I am revolted by most insects, especially cockroaches. (Incidentally, I realize that my fear of them is truly silly). I have blogged about my encounters with Manhattan insects (should you feel compelled to explore these experiences for yourself) here and here.
The other night I got up around 3 AM to use the restroom. I hate flipping on the light in the middle of the night, because that is when I am most likely to see a roach, fleeing, usually out of the corner of my eye–those hideous beasts are fast. Don’t get the wrong idea, please, my apartment is not a roach-festival–I lay down a million traps and keep a pretty clean place–but I cannot spray insecticides because of my pet birds and fish.
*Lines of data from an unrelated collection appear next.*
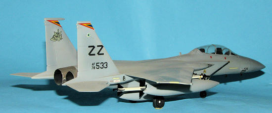 Eagles are generally pretty boring aircraft to look at. This one was an earlier version so was painted in the two Compass Ghost Grey colors. I was using Gunze paints at the time and sprayed those on. These two shades are very close to each other so it is difficult to notice them on the finished model. The large area below the afterburners was painted using Testors A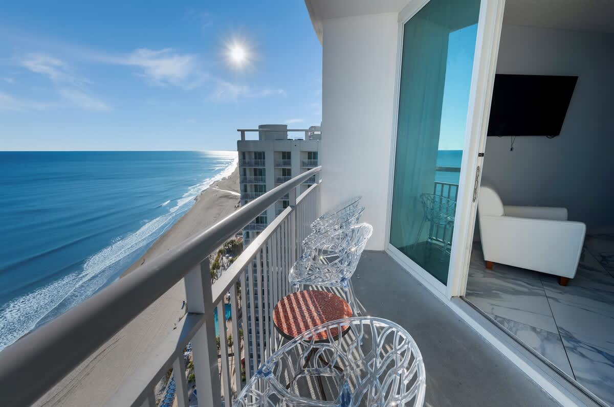 Soft light shifts across the Atlantic as waves roll steadily toward shore, their rhythm carrying up to the 19th floor. You wake to the ocean stretching wide beyond the glass, salt air drifting in through the balcony doors, and the sense that the day can unfold at an unhurried pace shaped by water and sky.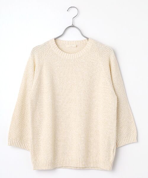 新感覚のニット糸を使用した、今から晩秋まで使えるプルオーバーニット。6分袖のゆったりとしたラグランスリーブで今っぽいシルエットに仕上げています。スカートをあわせたスタイリングがお勧めです。~生地~生後6ヶ月以内の原料を使用したラムズウールのカラーTOP糸と、カベ形状のカラー和紙を撚糸して作られたオリジナル素材です。紡毛の膨らみ感と柔らかさの中にも感じる和紙のハリ感が特徴で、抜群の軽さと素材の表情があります。和紙糸はリネンの替わりとして注目されている新感覚のニット糸です。※クルーネック※ラグランスリーブ※6分袖※左脇にピスネーム付き※天竺表目(身頃)+カノコ柄(袖)7G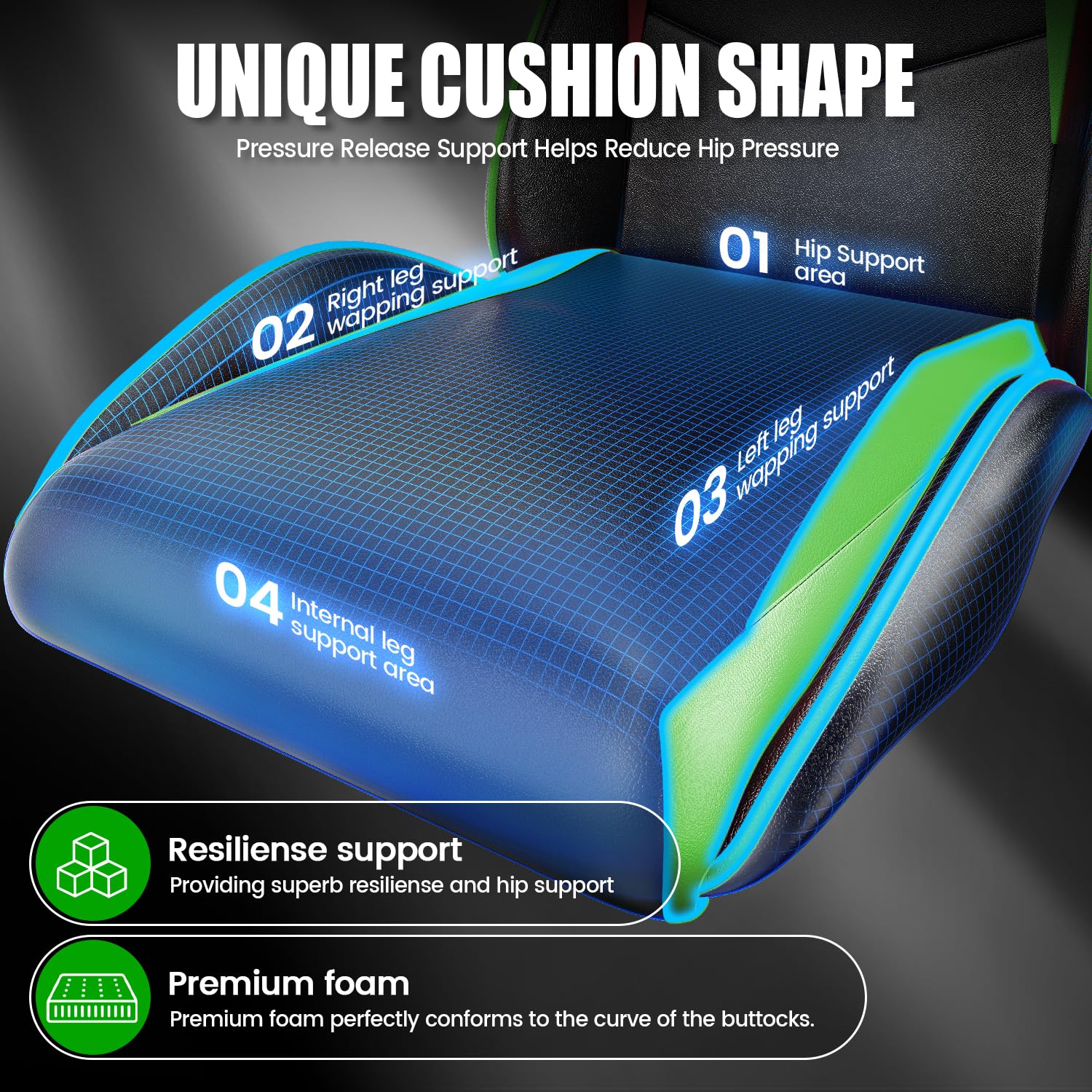 • 💺【Optimized Seating for Endless Comfort】Bigzzia gaming chair's advanced cushion and pillow enhances your gaming experience. Designed to offer the luxurious comfort of a sofa, it smartly adapts to your body's movements, providing targeted support. This feature ensures long-term resilience for daily use, extending your gaming sessions with ease.

So every now and then I come across a roach. Why am I justifying this to you, gentle reader? If you are from the tri-state area, you know that they are a fact of life here.
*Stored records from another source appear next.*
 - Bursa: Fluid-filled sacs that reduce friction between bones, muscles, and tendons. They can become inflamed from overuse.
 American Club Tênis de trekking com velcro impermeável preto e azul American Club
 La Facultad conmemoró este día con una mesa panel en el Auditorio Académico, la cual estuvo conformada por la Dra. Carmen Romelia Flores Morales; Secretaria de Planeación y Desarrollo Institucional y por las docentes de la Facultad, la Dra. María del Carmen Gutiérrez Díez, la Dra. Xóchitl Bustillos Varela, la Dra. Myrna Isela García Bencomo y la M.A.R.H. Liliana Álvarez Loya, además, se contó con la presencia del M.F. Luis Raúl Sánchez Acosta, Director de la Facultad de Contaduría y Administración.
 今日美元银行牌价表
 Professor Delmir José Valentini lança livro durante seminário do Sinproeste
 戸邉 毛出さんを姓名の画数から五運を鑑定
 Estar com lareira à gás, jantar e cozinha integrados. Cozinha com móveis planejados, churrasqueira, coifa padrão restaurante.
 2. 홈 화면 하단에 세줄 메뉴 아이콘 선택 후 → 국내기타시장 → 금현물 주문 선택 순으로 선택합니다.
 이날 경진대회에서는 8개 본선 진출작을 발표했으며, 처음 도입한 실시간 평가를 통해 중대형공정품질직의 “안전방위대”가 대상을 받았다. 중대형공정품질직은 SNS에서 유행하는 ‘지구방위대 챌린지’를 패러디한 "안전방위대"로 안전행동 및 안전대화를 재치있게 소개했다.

So, I’m sitting in the restroom, bleary-eyed, mostly asleep, and what do I see in the bathtub but a disgusting cockroach? At least he was very small and relatively inoffensive. At 3 AM, I was in no mood to physically engage him (as if I ever am), so I grabbed the bleach from underneath the sink, set the nozzle to ‘stream,’ and soaked him. Soaked him. If I soaked you with bleach in that manner, gentle reader, you would die. I am certain of it.
The roach rolled over onto its back and appeared to be perishing.
I washed my hands and went to back to bed, thinking that I would wash his body down the drain in the morning.
Well, guess what (I know that you know where this is going).
I rolled out of bed later that morning and went to take a shower.
There was no dead roach in the bathtub. Or the bathroom. I searched and searched.
Somehow, improbably, he survived. Not only did he live, he managed to run away home.